━━━ Task data ━━━

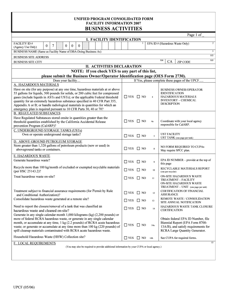 The Unified Program Consolidated Form (UPCF) is crucial for environmental compliance in California. It serves as a comprehensive tool for facilities to report hazardous materials and waste generation, ensuring adherence to state and federal regulations. This regulatory document collects vital information about various environmental activities, playing a pivotal role in maintaining safety standards across numerous facilities. By utilizing the califronia upcf form, facilities can streamline their reporting processes, thus facilitating better compliance.
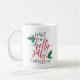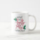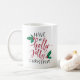 Festive holiday mug features the quote "have a holly jolly Christmas" in red hand lettered typography accented with red and green holly leaves and berries.
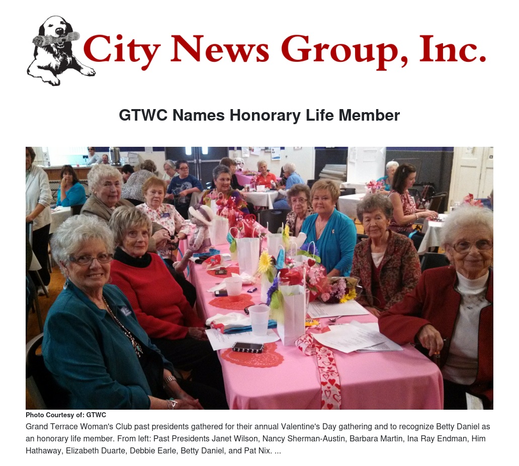 Grand Terrace Woman's Club past presidents gathered for their annual Valentine's Day gathering and to recognize Betty Daniel as an honorary life member. From left: Past Presidents Janet Wilson, Nancy Sherman-Austin, Barbara Martin, Ina Ray Endman, Him Hathaway, Elizabeth Duarte, Debbie Earle, Betty Daniel, and Pat Nix.
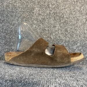 Birkenstock Arizona Suede Sandals Size 34 Brown Comfort Shoes Size: **Note that the size is not legible on the shoe. Measurement heel to toe insole (inside edges) is 8.75"=22.25cm= Kids' Birkenstock Size 3-3.5, Women's 4. Outsole is 10". PLEASE take measurements of your foot or current Birkenstocks prior to ordering. Fair condition with signs of typical wear.
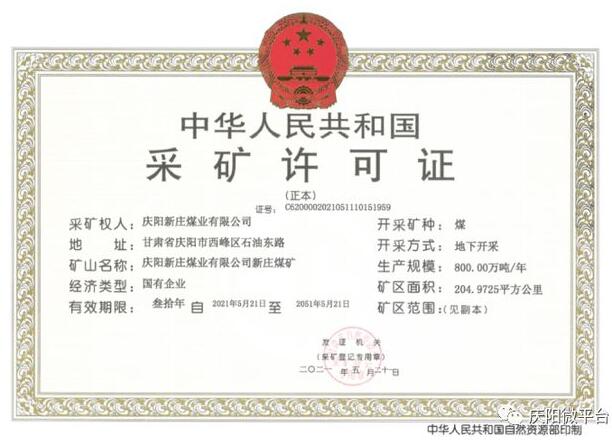5月21日,甘肃省自然资源厅核发了庆阳新庄煤业有限公司新庄煤矿《采矿许可证》。
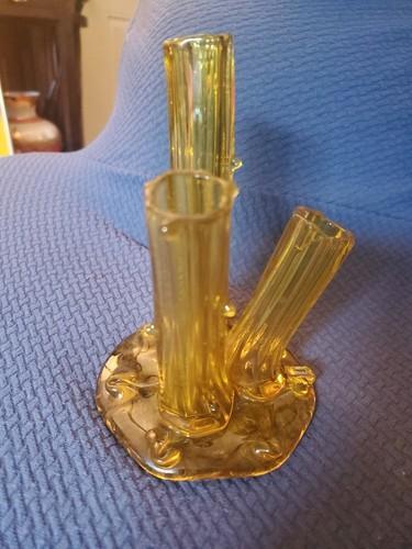 ANTIQUE STEUBEN Amber Triple Tree Trunk Thorn Art Glass Vase 6...
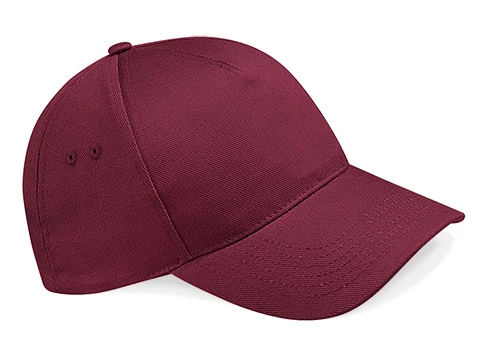 5 panel design, pre-curved peak, stitched ventilation eyelets, perfect for print and embroidery, Rip-Strip™ size adjuster
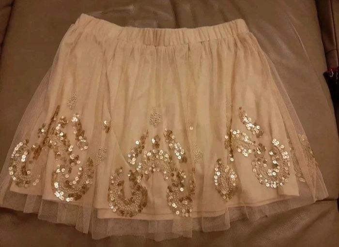 Jupe couleur champagne, avec tulle et paillettes. Taille M. Pas portée. Très mignonne. Elle est courte. Je la vends au prix de 10 euros. #TailleM38marine
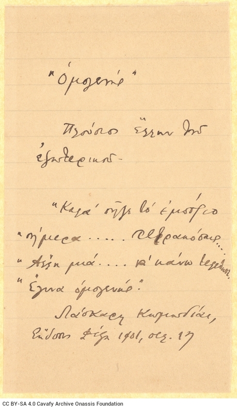 CA - CAVAFY, C. P. FONDS
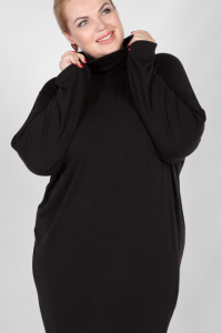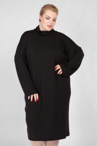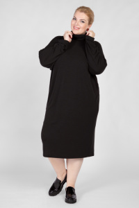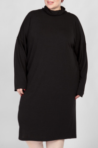 Вид: платье; Сезон: круглогодичный; Материал: 40% вискоза, 30% полиэстер, 25% шерсть, 5% эластан; Цвет: черный; Узор: Однотон; Фасон: платье; Крой: свободный; Воротник: хомут; Вид рукава: втачной; Длина рукава: длинный; Длина: миди; Фактура: джерси; Стиль: повседневный
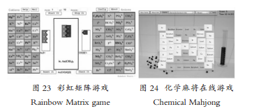 再者,如Rainbow Matrix game[94](彩虹矩阵游戏,见图23)可用于帮助学生学习,游戏设定了不同的阳离子和阴离子各36种,学生要将两者正确组合,并输入所组成的化合物的化学式及名称。计算机会根据学生完成情况评价等级并反馈给老师。
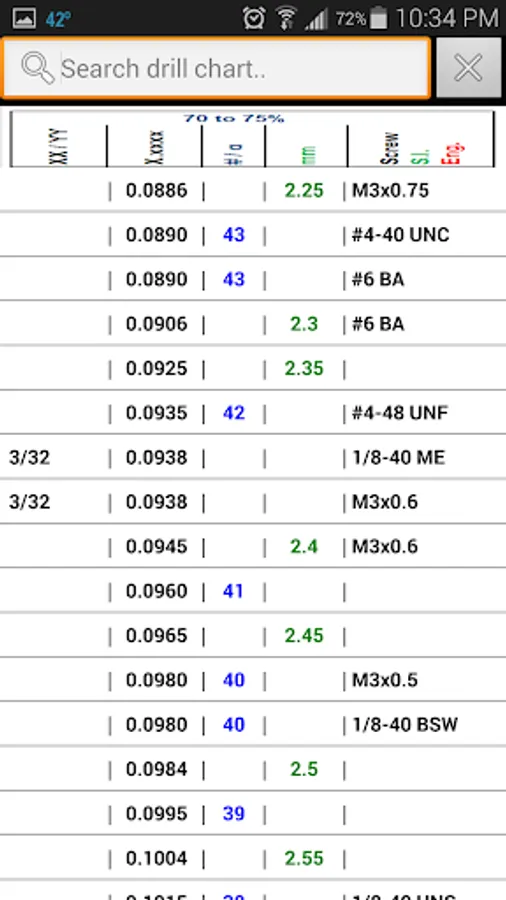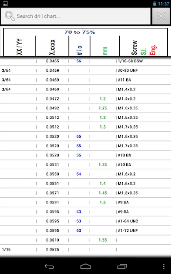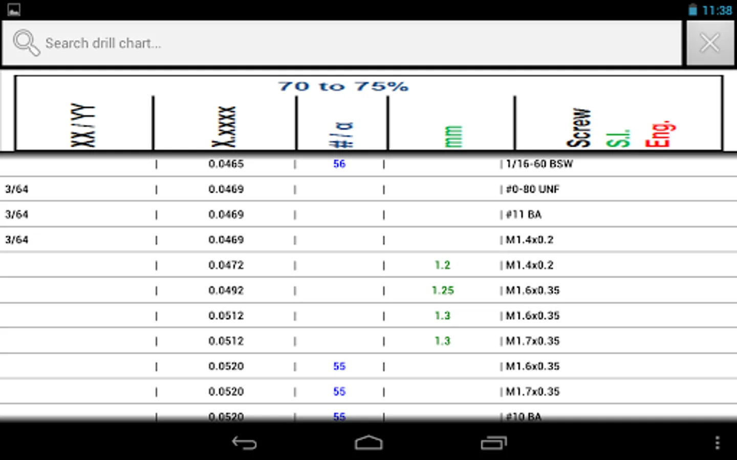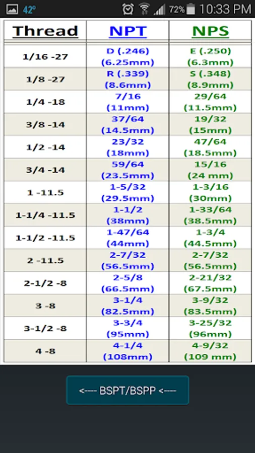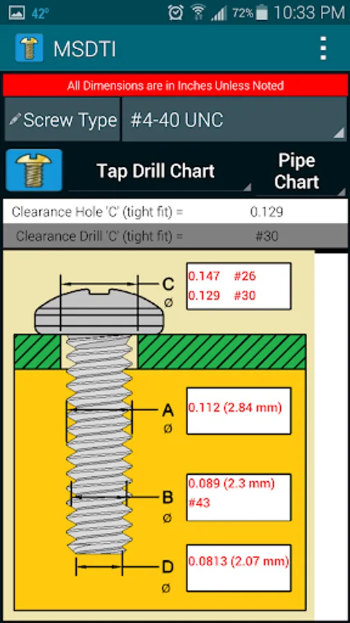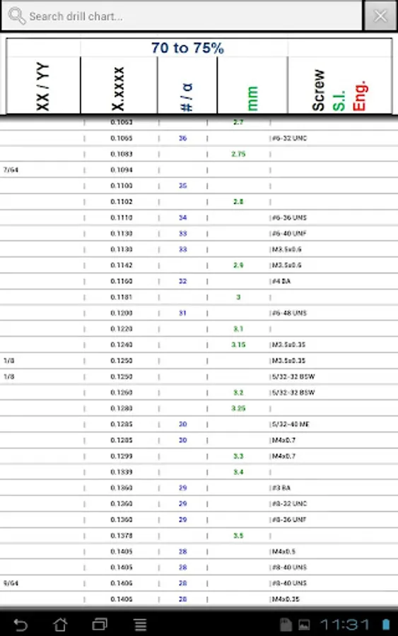 Android's first and best drill chart and tap drill information app for machine screws with thread sizes, tap drill diameter sizes, clearance holes, STI drill information, & suggested max torques. Handy fraction to decimal drill chart and NPT / NPS / BSPT / BSPP pipe thread charts included.
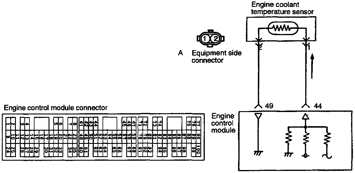 - The 5 V power in the engine control module is supplied via a resistor in the module to the engine coolant temperature sensor. Through the sensor which is a kind of resistor, it is grounded in the engine control module. The engine coolant temperature sensor resistor has the characteristic of decreasing its resistance decreases as the coolant temperature rises.
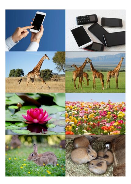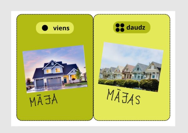 Materiāls sastāv no 10 A4 lapām, kur pirmā lapa ir ar zaļo škirojamo daļu, bet pārējās 9 ir attēlu kartītes ar vienskaitli un daudzskaitli – kopā 72 attēlu kartītes.

━━━

Goal of the exercise:
Give back an exact copy of only the lines from the one with "ANTIQUE STEUBEN Amber" through the final line of the material, both included. Pictures do not belong in it.

Answer for this exercise:
 ANTIQUE STEUBEN Amber Triple Tree Trunk Thorn Art Glass Vase 6...
 5 panel design, pre-curved peak, stitched ventilation eyelets, perfect for print and embroidery, Rip-Strip™ size adjuster
 Jupe couleur champagne, avec tulle et paillettes. Taille M. Pas portée. Très mignonne. Elle est courte. Je la vends au prix de 10 euros. #TailleM38marine
 CA - CAVAFY, C. P. FONDS
 Вид: платье; Сезон: круглогодичный; Материал: 40% вискоза, 30% полиэстер, 25% шерсть, 5% эластан; Цвет: черный; Узор: Однотон; Фасон: платье; Крой: свободный; Воротник: хомут; Вид рукава: втачной; Длина рукава: длинный; Длина: миди; Фактура: джерси; Стиль: повседневный
 再者,如Rainbow Matrix game[94](彩虹矩阵游戏,见图23)可用于帮助学生学习,游戏设定了不同的阳离子和阴离子各36种,学生要将两者正确组合,并输入所组成的化合物的化学式及名称。计算机会根据学生完成情况评价等级并反馈给老师。
 Android's first and best drill chart and tap drill information app for machine screws with thread sizes, tap drill diameter sizes, clearance holes, STI drill information, & suggested max torques. Handy fraction to decimal drill chart and NPT / NPS / BSPT / BSPP pipe thread charts included.
 - The 5 V power in the engine control module is supplied via a resistor in the module to the engine coolant temperature sensor. Through the sensor which is a kind of resistor, it is grounded in the engine control module. The engine coolant temperature sensor resistor has the characteristic of decreasing its resistance decreases as the coolant temperature rises.
 Materiāls sastāv no 10 A4 lapām, kur pirmā lapa ir ar zaļo škirojamo daļu, bet pārējās 9 ir attēlu kartītes ar vienskaitli un daudzskaitli – kopā 72 attēlu kartītes.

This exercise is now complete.